> [Try it] The goal is a clean copy of all the data below, with pictures dropped and everything else retyped exactly.

> [Input data]
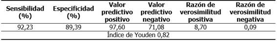 La capacidad del índice para detectar un sujeto enfermo fue de 92,23 %; la probabilidad condicional de que los individuos con la prueba positiva tuvieran realmente la enfermedad fue del 97,60 %. Los enfermos tuvieron 8,70 veces más probabilidad de que el índice los diagnosticara con NAIIA. La veracidad de la prueba fue documentada por un índice de Youden cercano a uno (0,82). (Tabla 6).
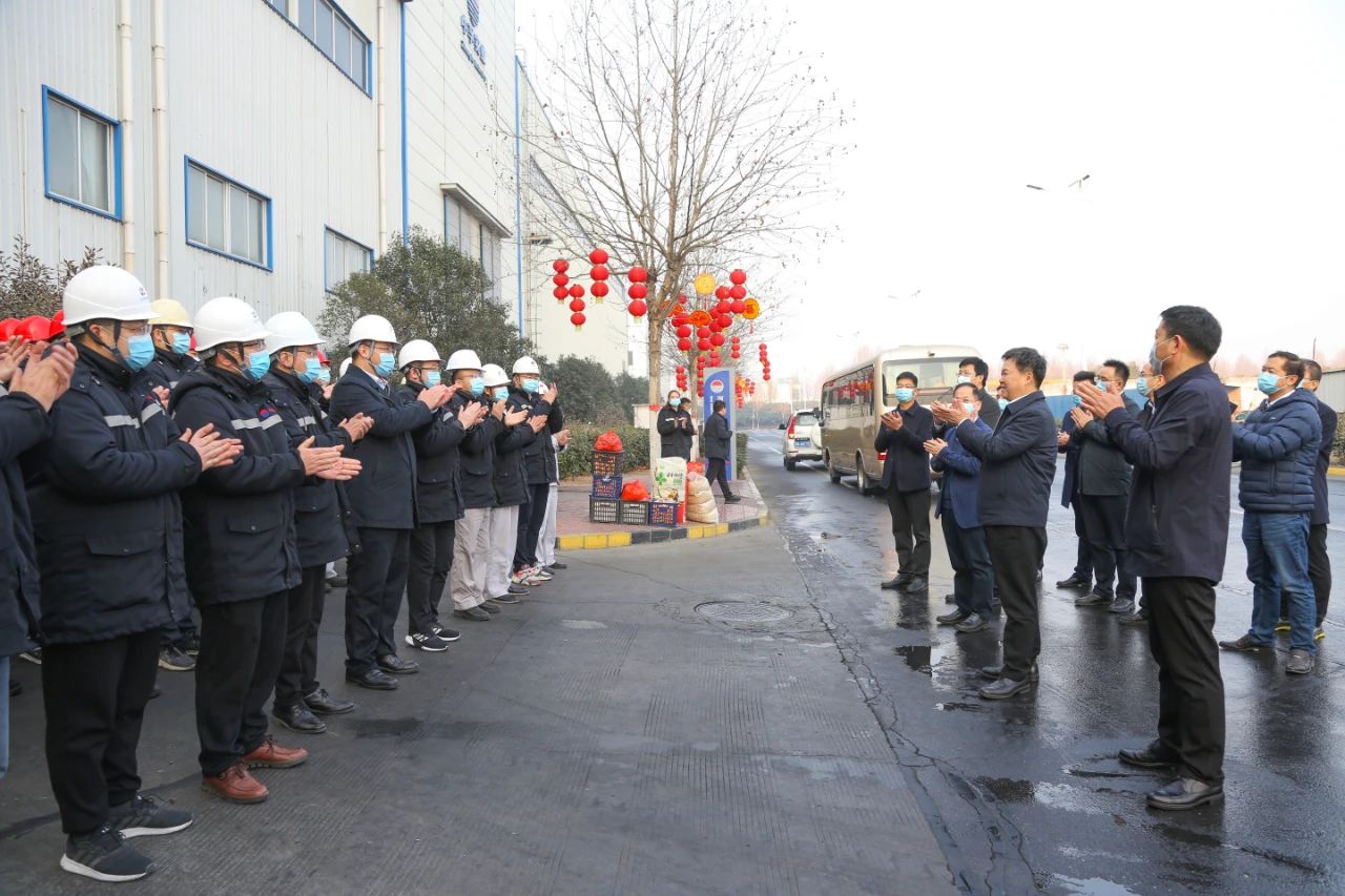 2月12日,新春大年初一,碧空如洗,風和日麗。上午8點,豫聯集團董事長賀懷欽帶領全體領導班子到企業生產一線進行春節慰問,向堅守崗位的廣大干部員工致以誠摯的新年祝福,并送去節日慰問品。
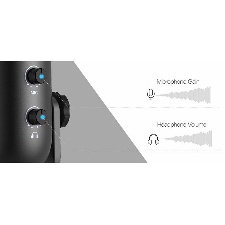 ◾ Đầu ra tai nghe stereo 3,5 mm của micrô để bàn có tính năng điều khiển âm lượng và cung cấp khả năng giám sát trực tiếp, không có độ trễ ở bất kỳ đâu, âm lượng có thể điều chỉnh đảm bảo chất lượng giám sát và sự tiện lợi.
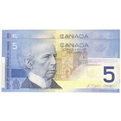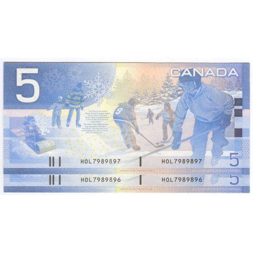 Bank of Canada, 2 consecutive $5.00 Insert notes 2005 (Radar insert + notes insert before), grade UNC, Charlton # BC-62bA, signature Jenkins Dodge, serial HOL7989896-97, insert range 7.840M - 8.000M. Lot includes the radar and 1 note before.
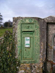 Wall-mounted cast-iron post box, erected c. 1880, with VR insignia and crown motif. Replacement cast-iron door, c. 1925, having embossed Saorstat Éireann emblem. Mounted in rubble limestone wall.
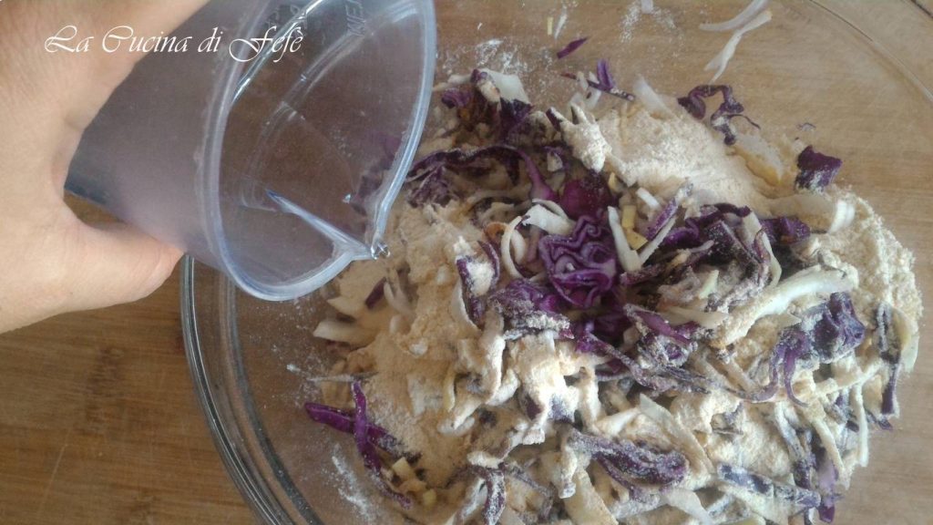 • Voeg twee snufjes zout toe, de peper, het eerder gezeefde kikkererwtenmeel en giet het water er geleidelijk bij.
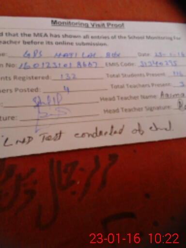 | Certified that this School was Inspected by the Undersigned MEA/DMO Today and the Information Stated Above is as Per Record. | |||||
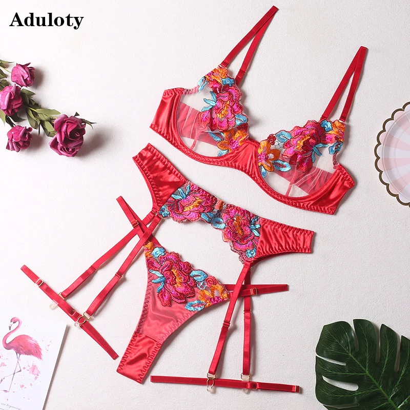 Женское сексуальное нижнее белье, нижнее белье с цветочной вышивкой...
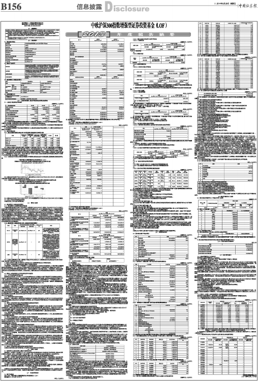 基金管理人:中欧基金管理有限公司 基金托管人:兴业银行股份有限公司 送出日期:2014年03月28日 §1 重要提示 ■ §2 基金简介 2.1 基金基本情况 ■ 2.2 基金产品说明 ■ 2.3 基金管理人和基金托管人 ■ 2.4 信息披露方式 ■ §3 主要财务指标、基金净值表现及利润分配情况 3.1 主要会计数据和财务指标 金额单位:人民币元 ■ 注:1、本期已实现收益指基金本期利息收入、投资收益、其他收入(不含公允价值变动收益)扣除相关费用后的余额,本期利润为本期已实现收益加上本期公允价值变动收益。 2、期末可供分配利润采用期末资产负债表中未分配利润与未分配利润中已实现部分的孰低数(为期末余额,不是当期发生数)。 3、所述基金业绩指标不包括基金份额持有人认购或交易基金的各项费用,计入费用后实际收益水平要低于所列数字。 3.2 基金净值表现 3.2.1 基金份额净值增长率及其与同期业绩比较基准收益率的比较 ■ 注:本基金大类资产的投资比例为:股票资产占基金资产的90%-95%,其中被动投资于标的指数成份股及备选成份股的比例不低于基金资产的80%;现金或者到期日在一年以内的政府债券不少于基金资产净值的5%;其他金融工具的投资比例符合法律法规和监管机构的规定。根据本基金的大类资产投资标的及具体比例范围,具有较强代表性的沪深300指数成为股票资产的标的指数,比较基准中股票的权重95%。比较基准每个交易日进行一次再平衡,每个交易日在加入损益后根据设定的权重比例进行大类资产之间的再平衡,使大类资产比例保持恒定。 3.2.2 自基金合同生效以来基金份额累计净值增长率变动及其与同期业绩比较基准收益率变动的比较 中欧沪深300指数增强型证券投资基金(LOF) 份额累计净值增长率与业绩比较基准收益率历史走势对比图 (2010年06月24日-2013年12月31日) ■ 注:本基金合同生效日为2010年6月24日,建仓期为2010年6月24日至2010年12月23日,建仓期结束时各项资产配置比例符合本基金基金合同规定。 3.2.3 自基金合同生效以来基金每年净值增长率及其与同期业绩比较基准收益率的比较 中欧沪深300指数增强型证券投资基金(LOF) 每年基金净值增长率与同期业绩比较基准收益率的对比图 ■ 注:本基金合同生效日为2010年6月24日,2010年度数据为2010年6月24日至2010年12月31日数据。 3.3 过去三年基金的利润分配情况 本基金过去三年未进行利润分配。 §4 管理人报告 4.1 基金管理人及基金经理情况 4.1.1 基金管理人及其管理基金的经验 中欧基金管理有限公司经中国证监会(证监基字[2006]102号文)批准,于2006年7月19日正式成立。股东为意大利意联银行股份合作公司、国都证券有限责任公司、北京百骏投资有限公司、万盛基业投资有限责任公司,注册资本为1.88亿元人民币。截至2013年12月31日,本基金管理人共管理16只开放式基金,即中欧新趋势股票型证券投资基金(LOF)、中欧新蓝筹灵活配置混合型证券投资基金、中欧稳健收益债券型证券投资基金、中欧价值发现股票型证券投资基金、中欧中小盘股票型证券投资基金(LOF)、中欧沪深300指数增强型证券投资基金(LOF)、中欧增强回报债券型证券投资基金(LOF)、中欧新动力股票型证券投资基金(LOF)、中欧鼎利分级债券型证券投资基金、中欧盛世成长分级股票型证券投资基金、中欧信用增利分级债券型证券投资基金、中欧货币市场基金、中欧纯债分级债券型证券投资基金、中欧价值智选回报混合型证券投资基金、中欧成长优选回报灵活配置混合型发起式证券投资基金和中欧纯债添利分级债券型证券投资基金。 4.1.2 基金经理(或基金经理小组)及基金经理助理简介 ■ 注:1、任职日期和离任日期一般情况下指公司作出决定之日;若该基金经理自基金合同生效日起即任职,则任职日期为基金合同生效日。 2、证券从业的含义遵从行业协会《证券业从业人员资格管理办法》的相关规定。 4.2 管理人对报告期内本基金运作遵规守信情况的说明 本报告期内,本基金管理人严格遵循了《证券投资基金法》及其各项实施细则、《中欧沪深300指数增强型证券投资基金(LOF)基金合同》和其他相关法律法规的规定,本着诚实信用、勤勉尽责、取信于市场、取信于社会的原则管理和运用基金资产,为基金份额持有人谋求最大利益。本报告期内,基金投资管理符合有关法规和基金合同的规定,无违法违规、未履行基金合同承诺或损害基金份额持有人利益的行为。 4.3 管理人对报告期内公平交易情况的专项说明 4.3.1 公平交易制度和控制方法 根据相关法律法规,公司制订了《公平交易管理办法》以确保公司旗下管理的不同投资组合得到公平对待,保护投资者合法权益。在投资决策方面,基金经理共享研究报告、投研体系职权划分明确且互不干预、各基金持仓及交易信息等均能有效隔离;在交易执行方面,以系统控制和人工审阅相结合的方式,严控反向交易和同向交易;另外,中央交易室在交易执行过程中对公平交易实施一线监控,监察稽核部也会就投资交易行为进行分析和评估,定期进行公平交易的内部审计工作。 4.3.2 公平交易制度的执行情况 报告期内,本基金管理人严格按照《证券投资基金管理公司公平交易制度指导意见》及公司内部相关制度等规定,从研究分析、投资决策、交易执行、事后监控等环节严格把关,通过系统和人工等方

> [Output of the exercise]
 La capacidad del índice para detectar un sujeto enfermo fue de 92,23 %; la probabilidad condicional de que los individuos con la prueba positiva tuvieran realmente la enfermedad fue del 97,60 %. Los enfermos tuvieron 8,70 veces más probabilidad de que el índice los diagnosticara con NAIIA. La veracidad de la prueba fue documentada por un índice de Youden cercano a uno (0,82). (Tabla 6).
 2月12日,新春大年初一,碧空如洗,風和日麗。上午8點,豫聯集團董事長賀懷欽帶領全體領導班子到企業生產一線進行春節慰問,向堅守崗位的廣大干部員工致以誠摯的新年祝福,并送去節日慰問品。
 ◾ Đầu ra tai nghe stereo 3,5 mm của micrô để bàn có tính năng điều khiển âm lượng và cung cấp khả năng giám sát trực tiếp, không có độ trễ ở bất kỳ đâu, âm lượng có thể điều chỉnh đảm bảo chất lượng giám sát và sự tiện lợi.
 Bank of Canada, 2 consecutive $5.00 Insert notes 2005 (Radar insert + notes insert before), grade UNC, Charlton # BC-62bA, signature Jenkins Dodge, serial HOL7989896-97, insert range 7.840M - 8.000M. Lot includes the radar and 1 note before.
 Wall-mounted cast-iron post box, erected c. 1880, with VR insignia and crown motif. Replacement cast-iron door, c. 1925, having embossed Saorstat Éireann emblem. Mounted in rubble limestone wall.
 • Voeg twee snufjes zout toe, de peper, het eerder gezeefde kikkererwtenmeel en giet het water er geleidelijk bij.
 | Certified that this School was Inspected by the Undersigned MEA/DMO Today and the Information Stated Above is as Per Record. | |||||
 Женское сексуальное нижнее белье, нижнее белье с цветочной вышивкой...
 基金管理人:中欧基金管理有限公司 基金托管人:兴业银行股份有限公司 送出日期:2014年03月28日 §1 重要提示 ■ §2 基金简介 2.1 基金基本情况 ■ 2.2 基金产品说明 ■ 2.3 基金管理人和基金托管人 ■ 2.4 信息披露方式 ■ §3 主要财务指标、基金净值表现及利润分配情况 3.1 主要会计数据和财务指标 金额单位:人民币元 ■ 注:1、本期已实现收益指基金本期利息收入、投资收益、其他收入(不含公允价值变动收益)扣除相关费用后的余额,本期利润为本期已实现收益加上本期公允价值变动收益。 2、期末可供分配利润采用期末资产负债表中未分配利润与未分配利润中已实现部分的孰低数(为期末余额,不是当期发生数)。 3、所述基金业绩指标不包括基金份额持有人认购或交易基金的各项费用,计入费用后实际收益水平要低于所列数字。 3.2 基金净值表现 3.2.1 基金份额净值增长率及其与同期业绩比较基准收益率的比较 ■ 注:本基金大类资产的投资比例为:股票资产占基金资产的90%-95%,其中被动投资于标的指数成份股及备选成份股的比例不低于基金资产的80%;现金或者到期日在一年以内的政府债券不少于基金资产净值的5%;其他金融工具的投资比例符合法律法规和监管机构的规定。根据本基金的大类资产投资标的及具体比例范围,具有较强代表性的沪深300指数成为股票资产的标的指数,比较基准中股票的权重95%。比较基准每个交易日进行一次再平衡,每个交易日在加入损益后根据设定的权重比例进行大类资产之间的再平衡,使大类资产比例保持恒定。 3.2.2 自基金合同生效以来基金份额累计净值增长率变动及其与同期业绩比较基准收益率变动的比较 中欧沪深300指数增强型证券投资基金(LOF) 份额累计净值增长率与业绩比较基准收益率历史走势对比图 (2010年06月24日-2013年12月31日) ■ 注:本基金合同生效日为2010年6月24日,建仓期为2010年6月24日至2010年12月23日,建仓期结束时各项资产配置比例符合本基金基金合同规定。 3.2.3 自基金合同生效以来基金每年净值增长率及其与同期业绩比较基准收益率的比较 中欧沪深300指数增强型证券投资基金(LOF) 每年基金净值增长率与同期业绩比较基准收益率的对比图 ■ 注:本基金合同生效日为2010年6月24日,2010年度数据为2010年6月24日至2010年12月31日数据。 3.3 过去三年基金的利润分配情况 本基金过去三年未进行利润分配。 §4 管理人报告 4.1 基金管理人及基金经理情况 4.1.1 基金管理人及其管理基金的经验 中欧基金管理有限公司经中国证监会(证监基字[2006]102号文)批准,于2006年7月19日正式成立。股东为意大利意联银行股份合作公司、国都证券有限责任公司、北京百骏投资有限公司、万盛基业投资有限责任公司,注册资本为1.88亿元人民币。截至2013年12月31日,本基金管理人共管理16只开放式基金,即中欧新趋势股票型证券投资基金(LOF)、中欧新蓝筹灵活配置混合型证券投资基金、中欧稳健收益债券型证券投资基金、中欧价值发现股票型证券投资基金、中欧中小盘股票型证券投资基金(LOF)、中欧沪深300指数增强型证券投资基金(LOF)、中欧增强回报债券型证券投资基金(LOF)、中欧新动力股票型证券投资基金(LOF)、中欧鼎利分级债券型证券投资基金、中欧盛世成长分级股票型证券投资基金、中欧信用增利分级债券型证券投资基金、中欧货币市场基金、中欧纯债分级债券型证券投资基金、中欧价值智选回报混合型证券投资基金、中欧成长优选回报灵活配置混合型发起式证券投资基金和中欧纯债添利分级债券型证券投资基金。 4.1.2 基金经理(或基金经理小组)及基金经理助理简介 ■ 注:1、任职日期和离任日期一般情况下指公司作出决定之日;若该基金经理自基金合同生效日起即任职,则任职日期为基金合同生效日。 2、证券从业的含义遵从行业协会《证券业从业人员资格管理办法》的相关规定。 4.2 管理人对报告期内本基金运作遵规守信情况的说明 本报告期内,本基金管理人严格遵循了《证券投资基金法》及其各项实施细则、《中欧沪深300指数增强型证券投资基金(LOF)基金合同》和其他相关法律法规的规定,本着诚实信用、勤勉尽责、取信于市场、取信于社会的原则管理和运用基金资产,为基金份额持有人谋求最大利益。本报告期内,基金投资管理符合有关法规和基金合同的规定,无违法违规、未履行基金合同承诺或损害基金份额持有人利益的行为。 4.3 管理人对报告期内公平交易情况的专项说明 4.3.1 公平交易制度和控制方法 根据相关法律法规,公司制订了《公平交易管理办法》以确保公司旗下管理的不同投资组合得到公平对待,保护投资者合法权益。在投资决策方面,基金经理共享研究报告、投研体系职权划分明确且互不干预、各基金持仓及交易信息等均能有效隔离;在交易执行方面,以系统控制和人工审阅相结合的方式,严控反向交易和同向交易;另外,中央交易室在交易执行过程中对公平交易实施一线监控,监察稽核部也会就投资交易行为进行分析和评估,定期进行公平交易的内部审计工作。 4.3.2 公平交易制度的执行情况 报告期内,本基金管理人严格按照《证券投资基金管理公司公平交易制度指导意见》及公司内部相关制度等规定,从研究分析、投资决策、交易执行、事后监控等环节严格把关,通过系统和人工等方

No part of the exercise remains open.